As another narrative restriction, we have restricted our focus on block ciphers. One potential countermeasure one could come up with against our attack is the use of a PRF like the AES-PRF [19] instead of a block cipher. Such a PRF prevents an attacker from observing ciphertexts and decrypting backwards under guessing the key. However, SIFA remains possible by targeting the input of the AES-PRF since here, a known input like a nonce is usually processed. In general, the presented attacks are almost always applicable whenever some known input is mixed with a secret, which covers most stateless symmetric cryptographic primitives. However, it is an interesting future research topic to evaluate how well such attacks will work.

6 Conclusion

This paper demonstrates that SIFA is a very powerful attack. We show that state-of-the-art countermeasures against implementation attacks, redundancy against faults and masking against side-channels, are not as effective against SIFA as expected. In particular, SIFA is still possible using just a single fault per execution, contradicting the common folklore that masking plus a detection-based countermeasure provides sufficient protection against fault attacks.

We presented a comprehensive analysis of simulated faults for an assembler-optimized, masked AES implementation for the 32-bit Cortex-M4 platform that might be of high practical relevance. We showed that most of the instructions of the masked S-box implementation are “susceptible” to faults and can be exploited in SIFA using any of the common fault models.

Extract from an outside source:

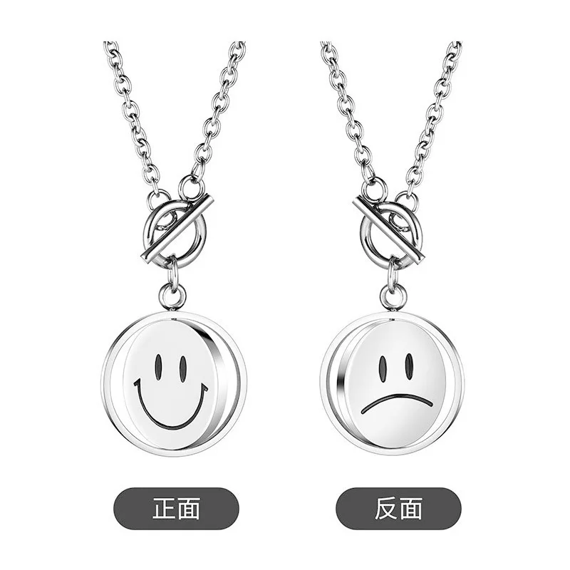 Вращающееся ожерелье со смайликом и лицом плача для мужчин и женщин, модное двустороннее крутое выражение улицы в стиле хип-хоп

Moreover, the practical feasibility of the attack was shown by attacking a 10th-order masked AES software implementation with arbitrary temporal redundancy on block cipher level on a standard 8-bit microcontroller without specific security features using a cheap clock glitch setup. Even with such a cheap setup, we are able to recover 32 bits of the key after collecting 20 ciphertexts where the fault is ineffective, needing approximately a total of 1000 encryptions where a single fault induction is performed.